Pyspark 如何在数据库中读取kaggle zip文件数据集,pyspark,databricks,Pyspark,Databricks,我想从kaggle读取zip文件数据集,但无法读取该数据集: import urllib urllib.request.urlretrieve("https://www.kaggle.com/himanshupoddar/zomato-bangalore-restaurants/downloads/zomato-bangalore-restaurants.zip", "/tmp/zomato-bangalore-restaurants.zip") 然后我运行shell脚本来提取文件: %sh

我想从kaggle读取zip文件数据集,但无法读取该数据集:

import urllib 
urllib.request.urlretrieve("https://www.kaggle.com/himanshupoddar/zomato-bangalore-restaurants/downloads/zomato-bangalore-restaurants.zip", "/tmp/zomato-bangalore-restaurants.zip")
然后我运行shell脚本来提取文件:

%sh
unzip /tmp/zomato-bangalore-restaurants.zip
tail -n +2 zomato-bangalore-restaurants.csv > temp.csv
rm zomato-bangalore-restaurants.csv
然后我得到一个错误:

Archive:  /tmp/zomato-bangalore-restaurants.zip
  End-of-central-directory signature not found.  Either this file is not
  a zipfile, or it constitutes one disk of a multi-part archive.  In the
  latter case the central directory and zipfile comment will be found on
  the last disk(s) of this archive.
unzip:  cannot find zipfile directory in one of /tmp/zomato-bangalore-restaurants.zip or
        /tmp/zomato-bangalore-restaurants.zip.zip, and cannot find /tmp/zomato-bangalore-restaurants.zip.ZIP, period.
tail: cannot open 'zomato-bangalore-restaurants.csv' for reading: No such file or directory
rm: cannot remove 'zomato-bangalore-restaurants.csv': No such file or directory

注意:从Kaggle下载文件的尝试被阻止,因为您尚未登录

以下是下载所有竞赛数据集的脚本

from requests import get, post
from os import mkdir, remove
from os.path import exists
from shutil import rmtree
import zipfile

def purge_all_downloads(db_full_path):
  # Removes all the downloaded datasets
  if exists(db_full_path): rmtree(db_full_path)

def datasets_are_available_locally(db_full_path, datasets):
  # Returns True only if all the competition datasets are available locally in Databricks CE
  if not exists(db_full_path): return False
  for df in datasets:
    # Assumes all the datasets end with '.csv' extention
    if not exists(db_full_path + df + '.csv'): return False
  return True

def remove_zip_files(db_full_path, datasets):
  for df in datasets:
    remove(db_full_path + df + '.csv.zip')

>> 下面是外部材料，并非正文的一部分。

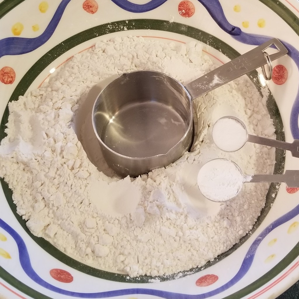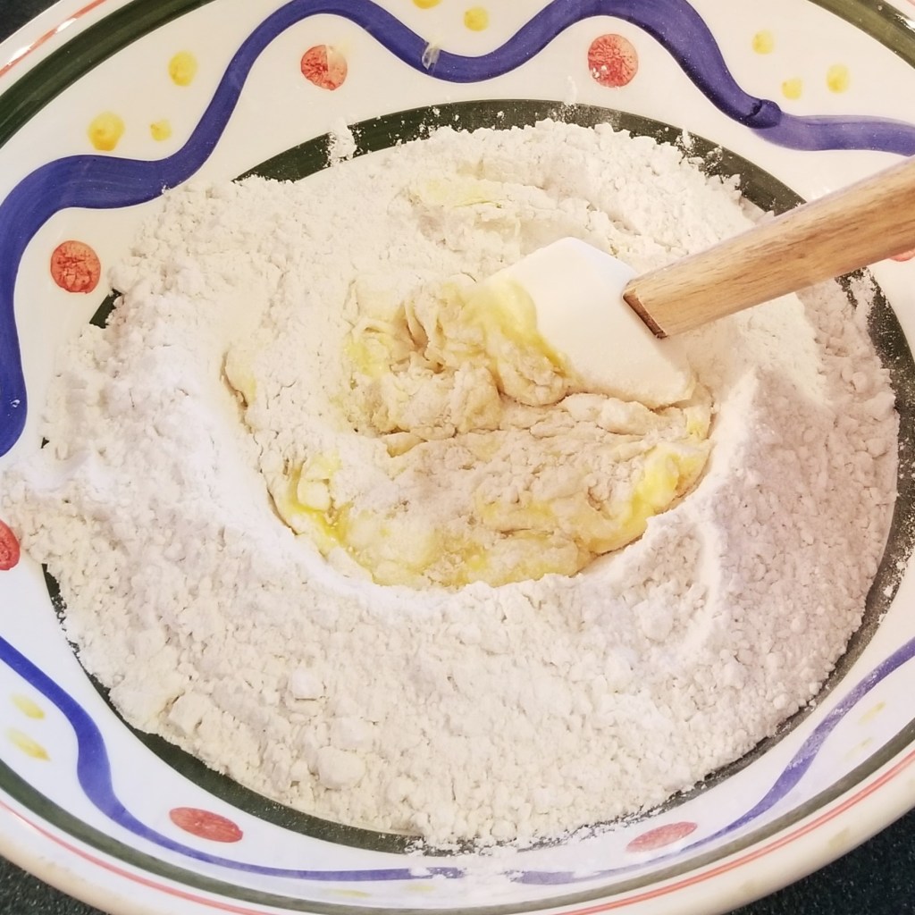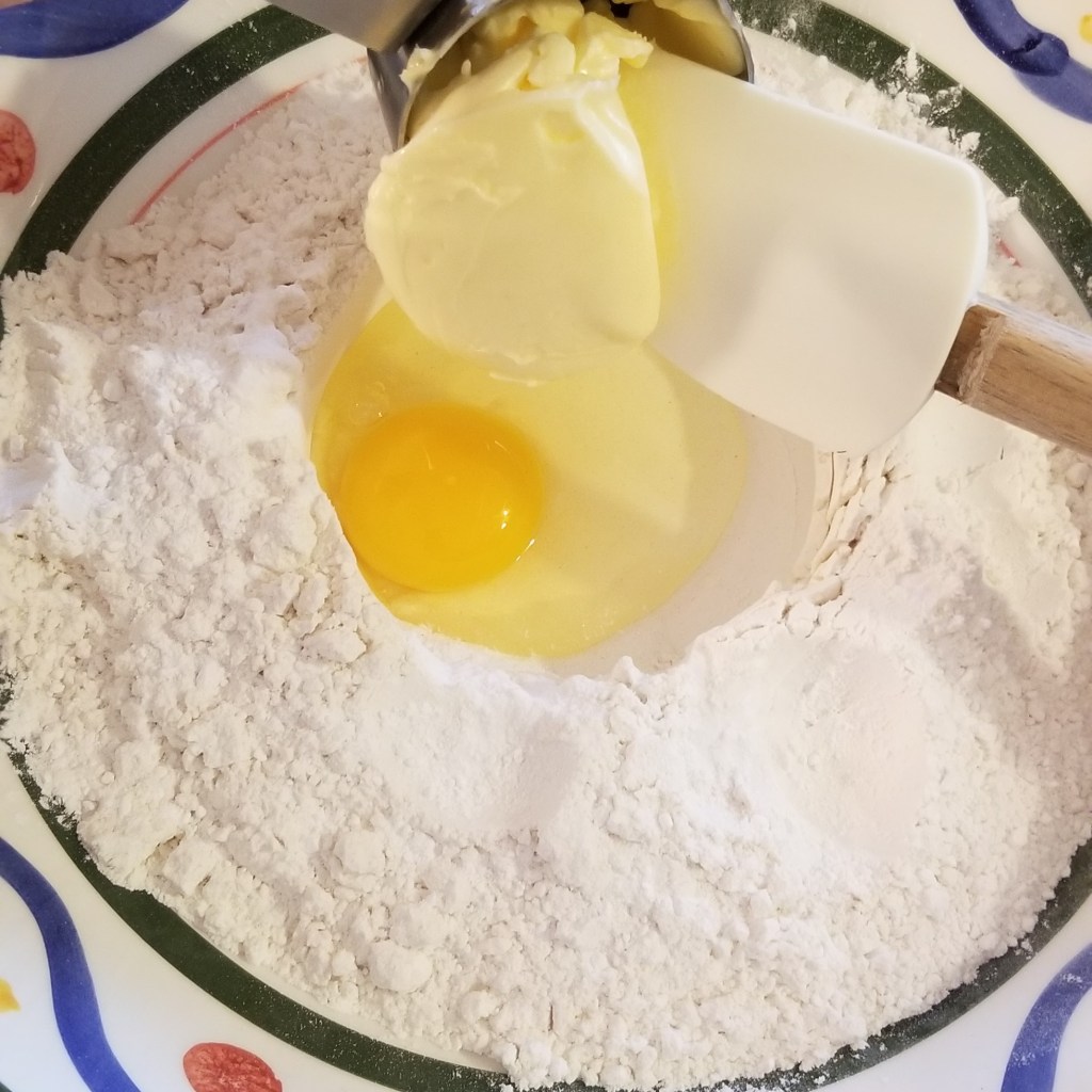Place flour, baking soda and baking powder in a large mixing bowl, making a well in the middle (photo below, left). Add one egg and the fat to the well (photo below, right, with margarine):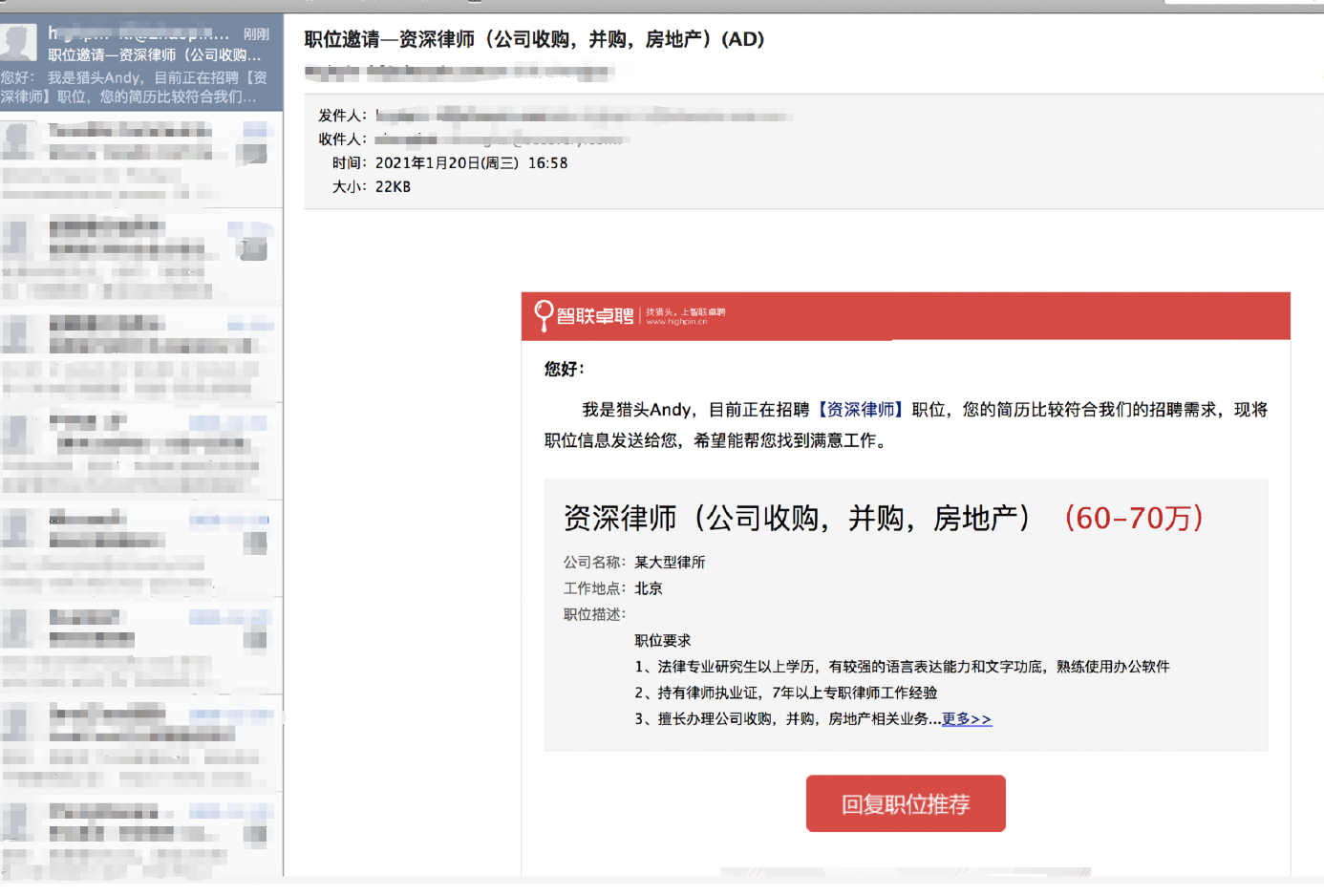 伪造面试候选人发送钓鱼邮件,面对对象:财务、法务、HR。

def unzip(db_full_path, datasets):
  for df in datasets:
    with zipfile.ZipFile(db_full_path + df + '.csv.zip', 'r') as zf:
      zf.extractall(db_full_path)
  remove_zip_files(db_full_path, datasets)

def download_datasets(competition, db_full_path, datasets, username, password):
  # Downloads the competition datasets if not availible locally  
  if datasets_are_available_locally(db_full_path, datasets):
    print 'All the competition datasets have been downloaded, extraced and are ready for you !'
    return

  purge_all_downloads(db_full_path)
  mkdir(db_full_path)
  kaggle_info = {'UserName': username, 'Password': password}

  for df in datasets:
    url = (
      'https://www.kaggle.com/account/login?ReturnUrl=' +
      '/c/' + competition + '/download/'+ df + '.csv.zip'
    )
    request = post(url, data=kaggle_info, stream=True)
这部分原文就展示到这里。